Provided material ::
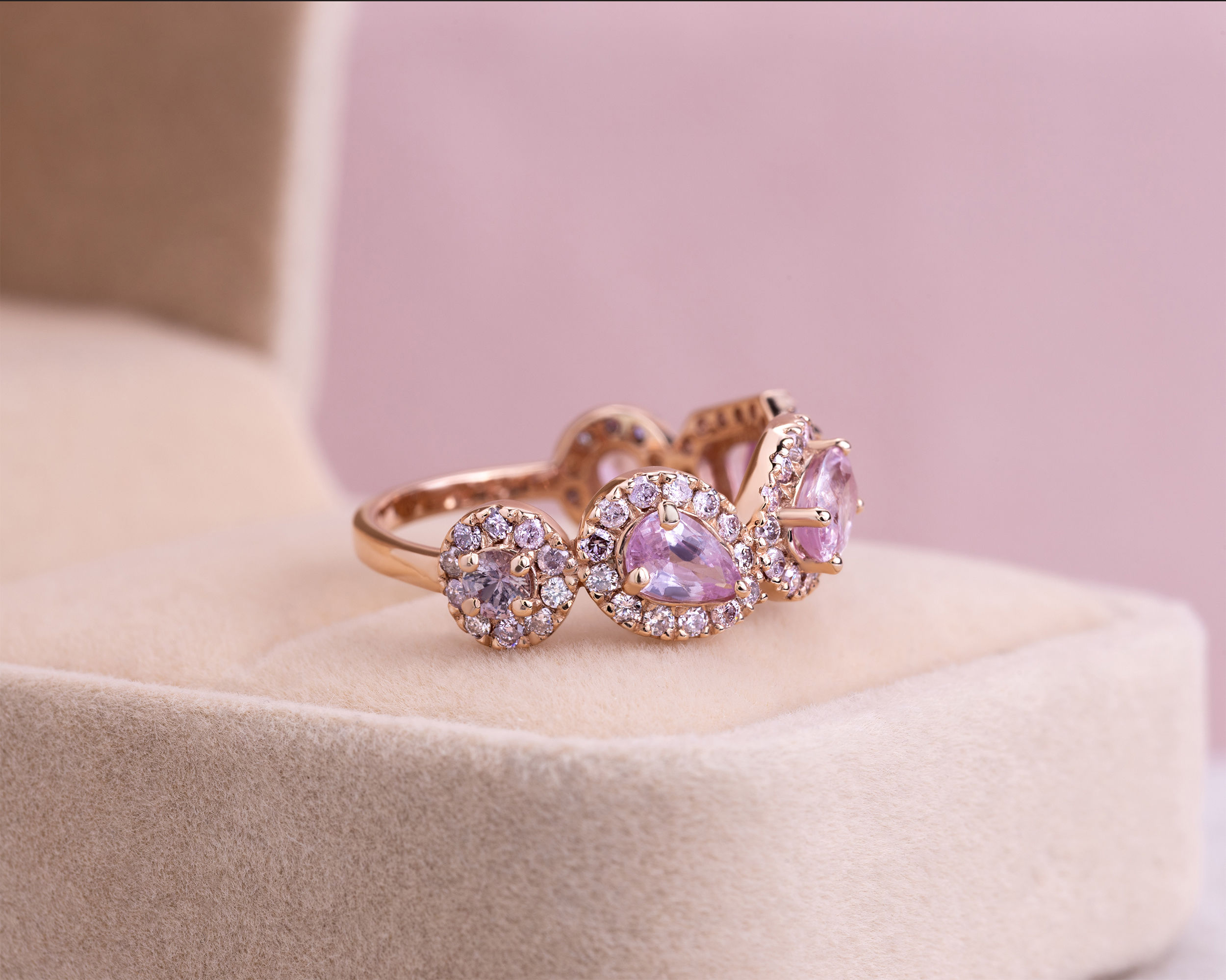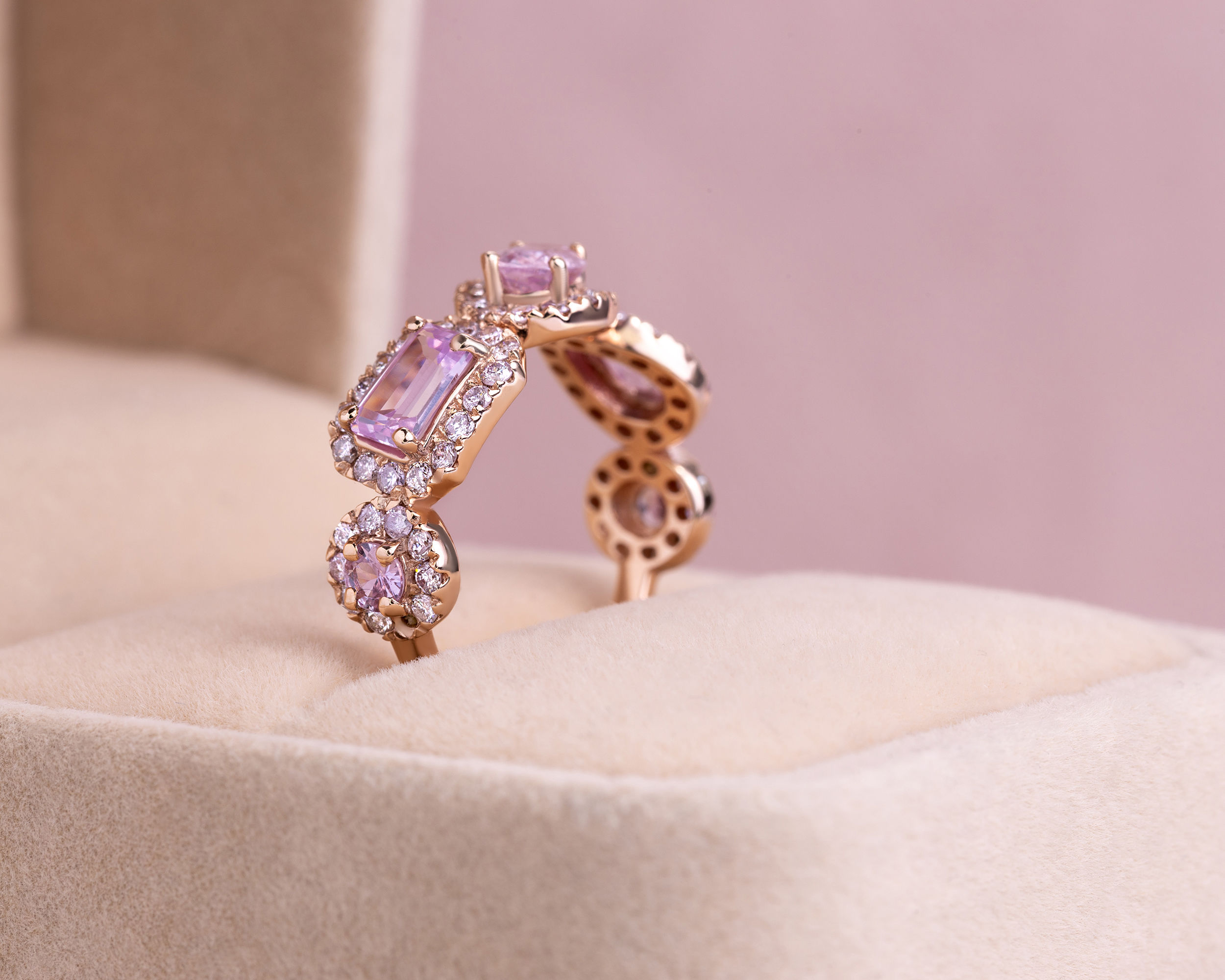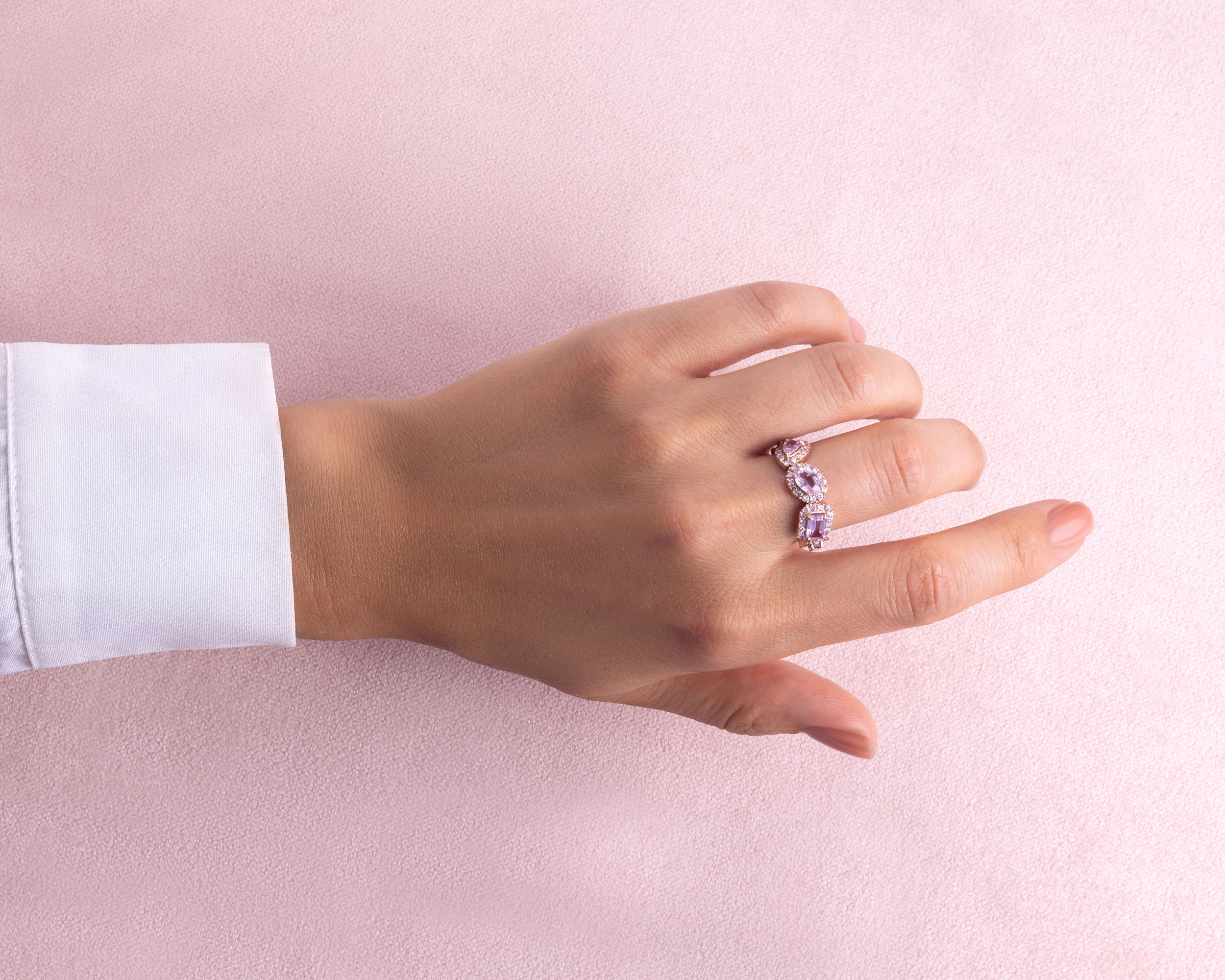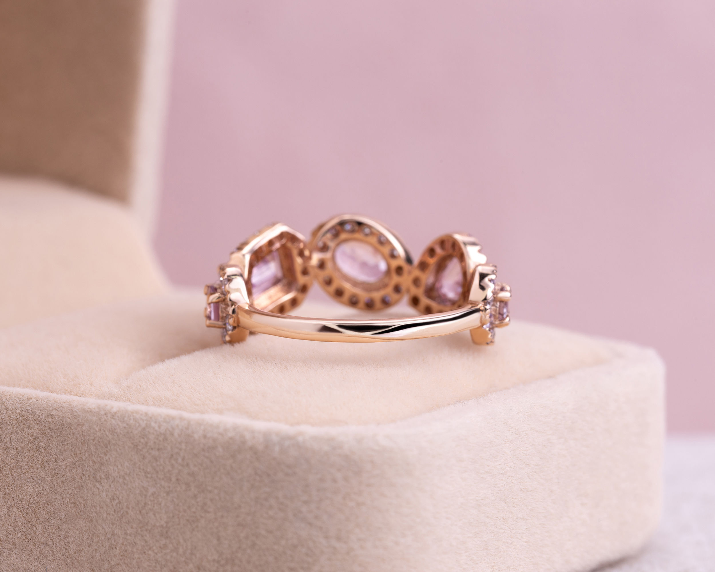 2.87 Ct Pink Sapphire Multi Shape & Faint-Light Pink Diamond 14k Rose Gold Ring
---
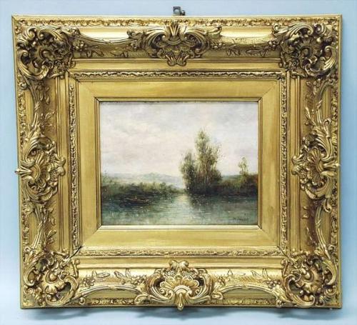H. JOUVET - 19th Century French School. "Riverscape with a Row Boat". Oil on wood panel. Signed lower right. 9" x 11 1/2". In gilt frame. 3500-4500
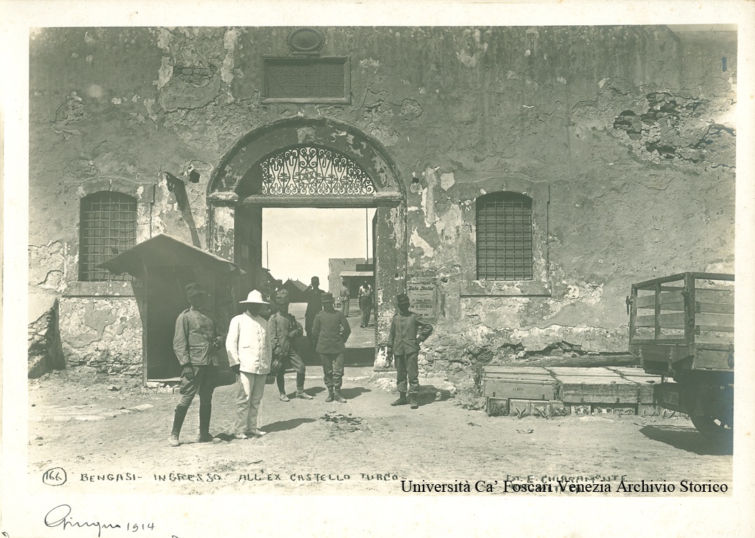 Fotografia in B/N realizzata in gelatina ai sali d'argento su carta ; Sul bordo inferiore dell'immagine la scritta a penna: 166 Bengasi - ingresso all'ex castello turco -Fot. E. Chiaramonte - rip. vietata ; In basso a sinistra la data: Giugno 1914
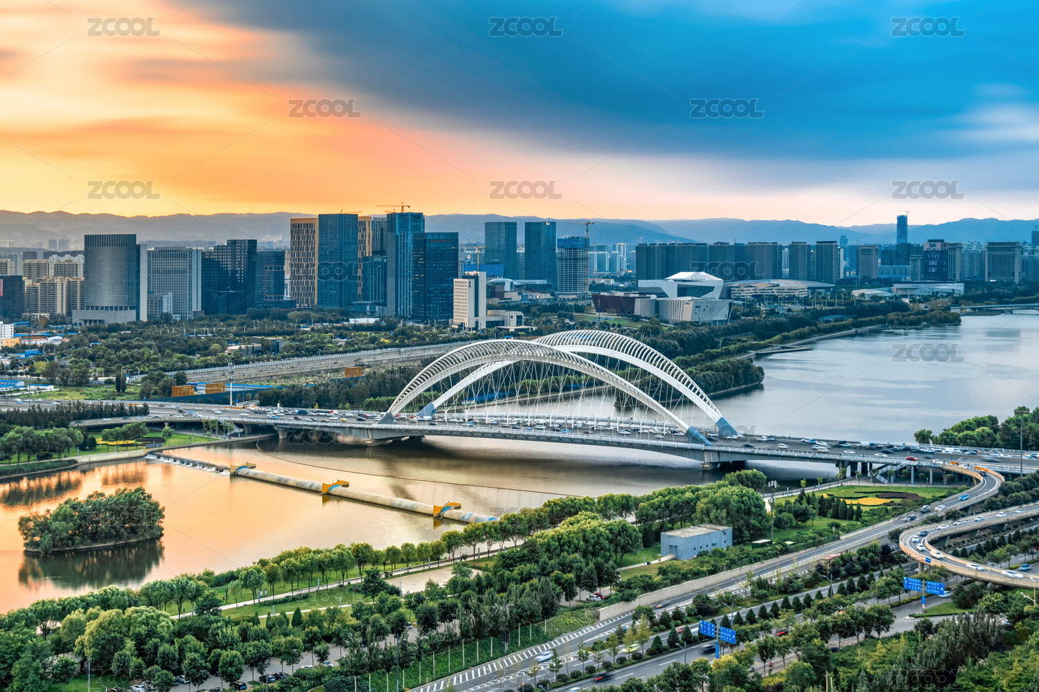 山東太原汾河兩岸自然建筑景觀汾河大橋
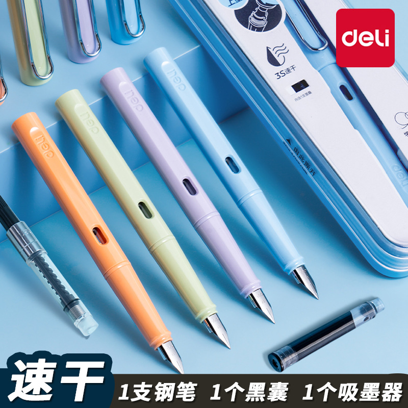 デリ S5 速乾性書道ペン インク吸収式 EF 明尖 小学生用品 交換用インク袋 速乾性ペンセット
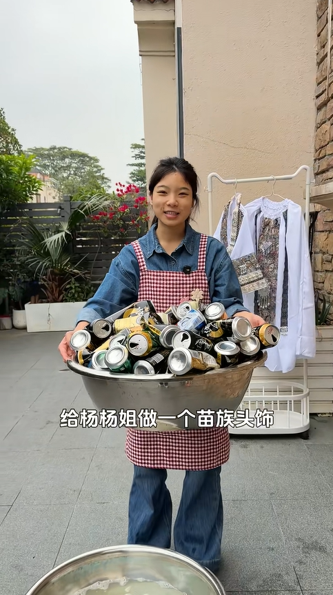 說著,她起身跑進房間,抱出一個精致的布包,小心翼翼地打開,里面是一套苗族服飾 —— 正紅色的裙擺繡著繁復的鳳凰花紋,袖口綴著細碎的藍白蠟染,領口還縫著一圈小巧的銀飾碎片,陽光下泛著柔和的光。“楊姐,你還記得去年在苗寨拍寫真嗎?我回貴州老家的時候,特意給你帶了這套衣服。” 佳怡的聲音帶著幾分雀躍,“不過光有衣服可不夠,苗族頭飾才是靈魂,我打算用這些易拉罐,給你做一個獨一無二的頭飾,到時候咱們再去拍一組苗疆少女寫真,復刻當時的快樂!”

Problem requirements ::
Give back exactly, and solely, the section of the data above bounded by the line containing "H. JOUVET - 19th" and the line containing "山東太原汾河兩岸自然建筑景觀汾河大橋", both bounding lines included and pictures omitted.

Solution to this exercise ::
H. JOUVET - 19th Century French School. "Riverscape with a Row Boat". Oil on wood panel. Signed lower right. 9" x 11 1/2". In gilt frame. 3500-4500
 Fotografia in B/N realizzata in gelatina ai sali d'argento su carta ; Sul bordo inferiore dell'immagine la scritta a penna: 166 Bengasi - ingresso all'ex castello turco -Fot. E. Chiaramonte - rip. vietata ; In basso a sinistra la data: Giugno 1914
 山東太原汾河兩岸自然建筑景觀汾河大橋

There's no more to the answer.